4Вечером поезд тронулся. Казалось, на большой Сибирской магистрали путешествие должно идти успешнее. Паровозы более мощные, реже меняются бригады. Ох, уж эти злополучные бригады! Они были самым большим бедствием для беженцев: всюду, где они менялись, люди заранее готовились к томительному ожиданию. Только один раз, в Каргате, поездная и паровозная бригады сменились за четыре часа, поэтому многие беженцы, отправившись на базар, не успели вернуться и отстали. На следующий день они догнали эшелон пассажирским поездом.
Днем и ночью мимо окон вагона проносился грустный пейзаж Барабы — похожая на море, необозримая болотистая степь, усыпанная мелкими карликовыми березками и чахлым кустарником, заросшая грубой осокой и камышом. Изредка показывалось стадо, поднималась в воздух стая птиц, и опять часами не видно было ни одного живого существа. Местами виднелись большие выгоревшие от степного пожара площади, где земля чернела, как уголь. А ведь где-то здесь, в этом болотном царстве, жили люди, месяцами отрезанные от всего остального мира; они пасли скот и ждали, когда зимняя стужа натянет ледяной покров на топкую Барабу и можно будет проехать в степные города. Здесь совсем не на что было смотреть. Беженцы радовались, что поезд так быстро мчался через эту равнину. На станциях они добровольно ходили помогать железнодорожникам грузить дрова на паровоз. У беженцев уже выработалось свое суждение о машинистах. Некоторые из них умели плавно стронуть поезд с места и развить большую скорость, не дергая вагоны, — это были мастера своего дела. Другие горячились и дергали эшелон. Иной машинист позволял себе жестокие шутки: после гудка давал полный ход назад, затем круто тормозил и вдруг рывком двигался вперед. Эшелон трясся как в лихорадке, из одного конца в другой пробегал дробный перестук буферов, в вагонах все падало и летело.

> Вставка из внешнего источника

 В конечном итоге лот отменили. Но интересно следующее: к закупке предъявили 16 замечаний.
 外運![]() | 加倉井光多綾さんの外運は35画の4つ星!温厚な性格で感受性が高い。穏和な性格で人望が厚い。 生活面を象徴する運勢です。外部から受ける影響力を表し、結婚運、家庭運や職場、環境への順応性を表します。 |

На второй день после отъезда из Новониколаевска пришлось отнести в санитарный вагон мать Зитаров. Она заболела еще в лагере и больной села в эшелон. Спертый воздух, угар, идущий от чугунной печки, топившейся круглые сутки, и водянистые каши не способствовали ее выздоровлению. Альвина стала настолько слабой, что не могла сама выйти из вагона. А когда соседи узнали, что у нее тиф, поднялся ропот. Никто, правда, не говорил ничего в глаза, но хмурые лица, недовольное перешептывание и посещение Бренгулисом фельдшера ясно выражали беспокойство людей. Нельзя было требовать, чтобы соседи примирились с присутствием в вагоне опасно больного человека. Тринадцатого октября Зитариене унесли. На следующий день ей стало гораздо хуже, и утром пятнадцатого октября, когда поезд остановился для смены бригад на станции Татарская, Карл нашел мать на тормозной площадке. Ей уже ничего не надо было.

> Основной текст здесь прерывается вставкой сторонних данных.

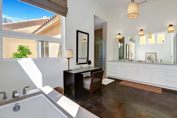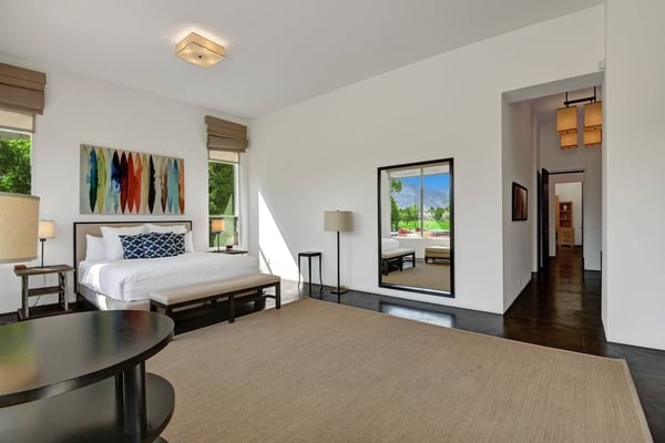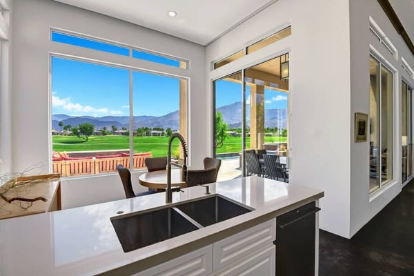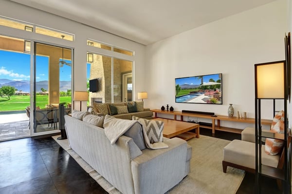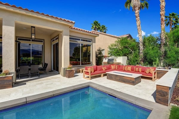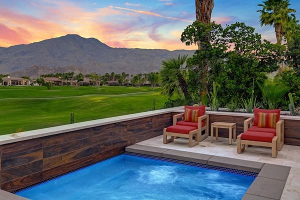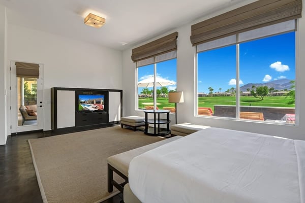 You’re having a dream. In it, you’re sitting on a comfortable chair outdoors next to a pool. The sun is setting and, as the air turns cool, you’re thankful for the outdoor fireplace that’s keeping your toes warm. You’re on a clean, manicured golf course ringed by swaying palm trees. In the distance rises a mountain range, turning dark blue in the fading light…Pinch yourself. When you stay at The Velvet Estate, dreams are a reality. This stunning modern masterpiece is situated on the 4th Fairway with southern double fairway views over the Weiskopf Golf Course and the Santa Rosa Mountains. And it has more to offer than just its incredible location. You'll fall in love with the poolside patio, with its two fireplaces, ample seating and dining space, and expertly groomed landscaping. You’re able to see it as well as the surrounding area through your home’s floor-to-ceiling glass windows. Twelve guests can comfortably share this space. Draw straws for those who will be lucky enough to stay in the private casita, with its own living area and luxe bathroom amenities. There are no losers in terms of sleeping arrangements, though, as each bedroom is as stunning, clean, and comfortable as the last. Drop off your bags and congregate in the kitchen and living area to watch movies on the large screen TV or whip up your best interpretation of SoCal cuisine in a kitchen that would make Martha proud. The Velvet Estate does it all and does it with style. We report and prosecute all Credit Card Fraud. STR Permit No. 240464

Комендант поезда вычеркнул из списка беженцев Альвину Зитар, в вагоне номер двадцать стало немного просторнее, а три парня рыли в степи яму. У них нашлась всего одна лопата, поэтому рыли попеременно. Земля, как и полагается на болоте, была сырая. Как только выкопали ямку, в нее набралась вода, и вычерпать ее было невозможно — пришлось бы вычерпывать всю влагу Барабы. Пока один копал, двое ведрами черпали воду и выливали в канаву. Так они трудились несколько часов. За это время Эльза и Сармите одели Зитариене и завернули в простыню — гроб негде было достать. Когда могилу вырыли, сыновья стали совещаться, не завернуть ли мать еще и в вытканное ею одеяло. Но Эрнест сказал, что матери это не поможет, а за одеяло можно получить каравай хлеба; лицо матери можно накрыть каким-нибудь плотным платком.
Перед тем как опустить покойницу в могилу, из ямы еще раз вычерпали воду. Но первые лопаты земли, брошенной на покойницу, подняли фонтаны грязных брызг. Увидев это, женщины зарыдали еще громче, а мужчины, отвернувшись в сторону, усиленно сморкались. Они торопились скорее засыпать могилу и сделать могильный холмик. Цветов уже нигде не было, и могилу обложили березовыми ветвями, бока укрепили дерном и поставили два накрест прибитых круглых березовых колышка с маленькой дощечкой на месте их скрещивания. На ней черной краской написали имя и фамилию покойной и соответствующие даты.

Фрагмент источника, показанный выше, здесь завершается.